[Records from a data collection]
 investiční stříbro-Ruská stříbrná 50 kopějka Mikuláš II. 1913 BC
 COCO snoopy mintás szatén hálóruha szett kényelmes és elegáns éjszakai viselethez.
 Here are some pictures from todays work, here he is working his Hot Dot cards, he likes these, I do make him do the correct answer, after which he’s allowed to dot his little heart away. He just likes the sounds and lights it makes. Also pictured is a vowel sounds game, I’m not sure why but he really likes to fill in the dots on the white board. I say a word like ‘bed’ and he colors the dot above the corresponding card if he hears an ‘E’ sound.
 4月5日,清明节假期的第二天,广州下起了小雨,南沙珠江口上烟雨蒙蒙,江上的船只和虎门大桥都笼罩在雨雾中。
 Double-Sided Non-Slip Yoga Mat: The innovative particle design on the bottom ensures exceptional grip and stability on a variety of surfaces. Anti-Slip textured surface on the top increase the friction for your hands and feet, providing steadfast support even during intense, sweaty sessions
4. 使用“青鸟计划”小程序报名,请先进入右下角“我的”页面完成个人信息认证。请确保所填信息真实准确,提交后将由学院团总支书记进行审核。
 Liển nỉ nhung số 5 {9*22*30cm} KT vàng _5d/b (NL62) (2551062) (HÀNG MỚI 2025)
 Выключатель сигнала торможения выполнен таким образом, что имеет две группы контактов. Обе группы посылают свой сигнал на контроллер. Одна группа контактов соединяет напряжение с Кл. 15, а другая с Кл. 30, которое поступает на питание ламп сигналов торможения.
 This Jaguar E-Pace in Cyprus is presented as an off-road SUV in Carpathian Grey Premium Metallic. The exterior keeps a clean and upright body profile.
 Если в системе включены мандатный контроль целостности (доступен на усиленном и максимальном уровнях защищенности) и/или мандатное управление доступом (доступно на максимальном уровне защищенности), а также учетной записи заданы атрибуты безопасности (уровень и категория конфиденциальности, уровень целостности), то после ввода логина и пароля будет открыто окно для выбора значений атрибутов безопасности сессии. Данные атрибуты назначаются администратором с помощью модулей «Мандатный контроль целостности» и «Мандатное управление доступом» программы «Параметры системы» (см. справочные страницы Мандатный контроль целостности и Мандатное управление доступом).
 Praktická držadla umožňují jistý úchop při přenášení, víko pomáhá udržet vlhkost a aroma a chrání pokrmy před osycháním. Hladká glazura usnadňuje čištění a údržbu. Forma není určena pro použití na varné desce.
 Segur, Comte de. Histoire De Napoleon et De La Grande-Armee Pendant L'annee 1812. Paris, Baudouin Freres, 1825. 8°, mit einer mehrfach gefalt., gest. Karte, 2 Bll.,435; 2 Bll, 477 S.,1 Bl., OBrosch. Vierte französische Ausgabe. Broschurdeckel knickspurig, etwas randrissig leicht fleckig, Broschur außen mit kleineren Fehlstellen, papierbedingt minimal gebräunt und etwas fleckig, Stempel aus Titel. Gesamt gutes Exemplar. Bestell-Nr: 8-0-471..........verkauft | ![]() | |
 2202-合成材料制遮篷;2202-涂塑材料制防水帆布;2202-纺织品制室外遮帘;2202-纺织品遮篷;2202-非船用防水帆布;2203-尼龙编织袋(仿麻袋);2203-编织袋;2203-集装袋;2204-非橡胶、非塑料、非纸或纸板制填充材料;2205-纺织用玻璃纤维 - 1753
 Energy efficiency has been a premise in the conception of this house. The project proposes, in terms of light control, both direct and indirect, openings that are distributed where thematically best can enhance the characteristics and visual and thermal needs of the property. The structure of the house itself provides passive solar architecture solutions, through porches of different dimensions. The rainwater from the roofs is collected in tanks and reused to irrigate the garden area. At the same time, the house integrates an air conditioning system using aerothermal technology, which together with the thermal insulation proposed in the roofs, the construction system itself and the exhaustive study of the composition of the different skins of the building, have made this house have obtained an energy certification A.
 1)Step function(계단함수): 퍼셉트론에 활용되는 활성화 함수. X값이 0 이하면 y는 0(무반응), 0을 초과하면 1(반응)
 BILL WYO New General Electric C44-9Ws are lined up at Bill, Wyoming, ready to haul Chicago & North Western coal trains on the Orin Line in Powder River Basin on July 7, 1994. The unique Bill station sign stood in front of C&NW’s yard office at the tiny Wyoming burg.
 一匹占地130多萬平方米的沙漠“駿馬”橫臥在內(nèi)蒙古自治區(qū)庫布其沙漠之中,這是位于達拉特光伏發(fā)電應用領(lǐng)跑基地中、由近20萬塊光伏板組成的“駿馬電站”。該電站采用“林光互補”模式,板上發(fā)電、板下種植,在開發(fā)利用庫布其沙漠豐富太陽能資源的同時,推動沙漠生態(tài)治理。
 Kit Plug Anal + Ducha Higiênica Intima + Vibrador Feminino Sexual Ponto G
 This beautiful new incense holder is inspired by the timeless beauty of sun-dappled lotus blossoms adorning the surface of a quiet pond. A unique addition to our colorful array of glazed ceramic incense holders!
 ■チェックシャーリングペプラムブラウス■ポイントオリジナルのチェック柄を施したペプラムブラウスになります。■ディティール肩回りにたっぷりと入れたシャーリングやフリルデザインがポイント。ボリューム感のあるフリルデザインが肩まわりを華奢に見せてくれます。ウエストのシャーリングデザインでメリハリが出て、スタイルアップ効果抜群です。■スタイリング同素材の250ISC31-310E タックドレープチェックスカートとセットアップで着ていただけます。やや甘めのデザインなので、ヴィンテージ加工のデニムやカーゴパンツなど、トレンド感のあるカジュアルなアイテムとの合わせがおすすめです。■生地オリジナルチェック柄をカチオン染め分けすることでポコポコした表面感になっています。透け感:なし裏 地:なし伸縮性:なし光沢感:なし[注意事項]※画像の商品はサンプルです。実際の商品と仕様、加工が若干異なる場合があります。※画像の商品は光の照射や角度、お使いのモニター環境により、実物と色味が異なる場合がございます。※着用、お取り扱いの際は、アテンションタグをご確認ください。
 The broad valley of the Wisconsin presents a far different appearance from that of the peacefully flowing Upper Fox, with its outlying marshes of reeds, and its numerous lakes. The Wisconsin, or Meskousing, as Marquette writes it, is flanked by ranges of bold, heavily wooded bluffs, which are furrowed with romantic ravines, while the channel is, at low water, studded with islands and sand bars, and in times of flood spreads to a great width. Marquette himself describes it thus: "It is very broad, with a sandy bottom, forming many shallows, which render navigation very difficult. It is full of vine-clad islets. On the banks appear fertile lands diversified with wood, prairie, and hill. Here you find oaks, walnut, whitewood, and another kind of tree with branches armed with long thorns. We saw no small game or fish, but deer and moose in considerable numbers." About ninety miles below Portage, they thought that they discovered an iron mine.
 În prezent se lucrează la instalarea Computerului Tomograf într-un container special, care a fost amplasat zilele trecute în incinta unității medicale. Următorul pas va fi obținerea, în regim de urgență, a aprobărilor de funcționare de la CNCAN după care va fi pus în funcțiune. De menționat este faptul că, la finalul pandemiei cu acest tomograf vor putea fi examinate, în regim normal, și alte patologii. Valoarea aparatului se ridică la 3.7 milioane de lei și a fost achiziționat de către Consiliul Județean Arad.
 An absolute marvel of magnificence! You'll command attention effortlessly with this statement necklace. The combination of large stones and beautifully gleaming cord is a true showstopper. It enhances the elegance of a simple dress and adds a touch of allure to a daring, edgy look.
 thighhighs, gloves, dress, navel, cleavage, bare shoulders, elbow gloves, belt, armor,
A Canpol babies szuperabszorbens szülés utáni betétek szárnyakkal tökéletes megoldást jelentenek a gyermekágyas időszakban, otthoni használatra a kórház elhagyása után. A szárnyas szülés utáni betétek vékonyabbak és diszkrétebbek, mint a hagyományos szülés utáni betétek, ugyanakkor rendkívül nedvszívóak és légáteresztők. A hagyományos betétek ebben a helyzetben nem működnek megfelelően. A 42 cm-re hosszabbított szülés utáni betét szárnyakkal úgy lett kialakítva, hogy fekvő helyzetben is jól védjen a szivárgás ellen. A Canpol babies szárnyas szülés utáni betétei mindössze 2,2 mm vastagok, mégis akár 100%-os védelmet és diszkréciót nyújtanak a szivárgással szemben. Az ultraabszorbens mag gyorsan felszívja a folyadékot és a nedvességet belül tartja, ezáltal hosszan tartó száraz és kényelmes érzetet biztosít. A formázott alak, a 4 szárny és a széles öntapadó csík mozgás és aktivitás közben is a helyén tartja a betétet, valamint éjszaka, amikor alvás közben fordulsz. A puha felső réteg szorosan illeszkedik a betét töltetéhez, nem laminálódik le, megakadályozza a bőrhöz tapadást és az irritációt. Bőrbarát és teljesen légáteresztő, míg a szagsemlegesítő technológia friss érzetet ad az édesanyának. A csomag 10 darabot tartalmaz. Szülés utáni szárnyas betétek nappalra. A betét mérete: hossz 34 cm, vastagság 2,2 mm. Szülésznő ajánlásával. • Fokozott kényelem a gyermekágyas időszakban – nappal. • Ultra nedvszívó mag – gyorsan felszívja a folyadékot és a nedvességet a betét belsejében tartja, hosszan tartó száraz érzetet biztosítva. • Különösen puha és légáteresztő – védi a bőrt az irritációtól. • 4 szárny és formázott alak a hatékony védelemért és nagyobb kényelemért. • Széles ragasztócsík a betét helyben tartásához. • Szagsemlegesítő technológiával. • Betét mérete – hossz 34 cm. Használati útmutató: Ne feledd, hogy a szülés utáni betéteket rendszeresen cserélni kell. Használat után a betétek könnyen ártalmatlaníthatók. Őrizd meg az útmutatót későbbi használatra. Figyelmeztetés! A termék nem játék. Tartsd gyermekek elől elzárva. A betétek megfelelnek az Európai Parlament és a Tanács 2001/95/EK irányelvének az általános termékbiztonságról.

▶ **Your instructions**:
Please return every line of the records that contains the word "dress".

▶ **Result below**:
 An absolute marvel of magnificence! You'll command attention effortlessly with this statement necklace. The combination of large stones and beautifully gleaming cord is a true showstopper. It enhances the elegance of a simple dress and adds a touch of allure to a daring, edgy look.
 thighhighs, gloves, dress, navel, cleavage, bare shoulders, elbow gloves, belt, armor,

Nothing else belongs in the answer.